D. Demurrer - Legal Insufficiency Lastly, Industry Intervenors demur on the basis that the Amended PFR is legally insufficient because Petitioners allegedly seek relief that would require this Court to direct how DEP exercises its enforcement discretion. According to Industry Intervenors, Petitioners’ theory depends on the premise that DEP must change how and when it pursues bond forfeitures, including using them more aggressively as an enforcement tool. Bond forfeiture, Industry Intervenors argue, is a matter of enforcement discretion that courts cannot regulate. Thus, because the relief sought would purportedly require DEP to prioritize or mandate forfeiture decisions, Petitioners are effectively asking the Court to intrude upon executive enforcement authority. On this basis, Industry Intervenors contend that the Amended PFR fails to state a claim upon which relief may be granted and must be dismissed. Petitioners and Agency Respondents respond that Industry Intervenors fundamentally misread the Amended PFR. Petitioners emphasize that they do not seek to direct DEP enforcement practices and have not requested any order compelling DEP to pursue, increase, or modify bond forfeitures. Rather, Petitioners’ requested relief is narrow and precise -- a declaration that Section 2 of Act 96 is unconstitutional because it removes Agency Respondents’ prior authority to adjust bond amounts. The Amended PFR expressly states that Petitioners “do not seek to compel any action from [Agency] Respondents beyond what would necessarily
16 follow from a determination that those provisions are unconstitutional.” Amended PFR, ¶168. Any future agency action would remain entirely discretionary and would not be compelled by the Court. Upon review, Industry Intervenors’ demurrer fails because it mischaracterizes the nature of the action. As pled, Petitioners ask this Court only to declare Section 2 of Act 96 unconstitutional. They do not seek enforcement directives, judicial supervision of agency activity, or appellate review of an agency action. Their requested relief is purely declaratory, not coercive. If the Court were to declare Section 2 unconstitutional, Agency Respondents would simply regain their former statutory authority to adjust bond amounts. Whether, when, or how they exercise that authority would remain fully within agency discretion. The Amended PFR does not seek—and would not authorize—the Court to require DEP to undertake any enforcement activity or to alter existing enforcement priorities. Because Petitioners’ claim challenges the validity of a statute and does not seek to control DEP enforcement, the legal-sufficiency objection does not apply. We, therefore, overrule the demurrer.
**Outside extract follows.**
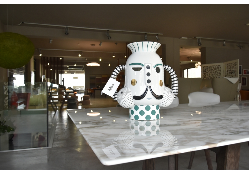 King firmato da Jaime Hayon per Bosa è un vaso in ceramica smaltata della collezione TheatreHayon, che comprende anche altri vasi, teiere e portacandele.

IV. Conclusion Accordingly, we sustain in part and overrule in part Industry Intervenors’ procedural PO by striking only the nonconforming portions of Petitioners’ Answer to the POs and otherwise overrule all substantive POs.
MICHAEL H. WOJCIK, Judge
17 IN THE COMMONWEALTH COURT OF PENNSYLVANIA
Clean Air Council, Earthworks, : Citizens for Pennsylvania’s Future, : Protect PT, and Sierra Club, : : Petitioners : : v. : No. 379 M.D. 2023 : Commonwealth of Pennsylvania, : General Assembly of the Commonwealth : of Pennsylvania, Department of : Environmental Protection, Environmental : Quality Board, and Jessica Shirley in : Her Official Capacities as Interim : Acting Secretary of the Department : of Environmental Protection and : Chair of the Environmental Quality Board, : : Respondents :
ORDER AND NOW, this 7th day of April, 2026, Industry Intervenors’1 substantive Preliminary Objections to Petitioners’ Amended Petition for Review in the Nature of an Action for Declaratory Relief, which were accepted as filed on July 8, 2024, are OVERRULED, and the procedural Preliminary Objection to Petitioners’ Answer to the Preliminary Objections, filed on May 13, 2024, is SUSTAINED IN PART and OVERRULED IN PART; the nonconforming portions of Petitioners’ Answer to the Preliminary Objections are hereby stricken.
__________________________________ MICHAEL H. WOJCIK, Judge 1 Industry Intervenors are Pennsylvania Independent Oil & Gas Association, Pennsylvania Independent Petroleum Producers Association, and Pennsylvania Grade Crude Oil Coalition.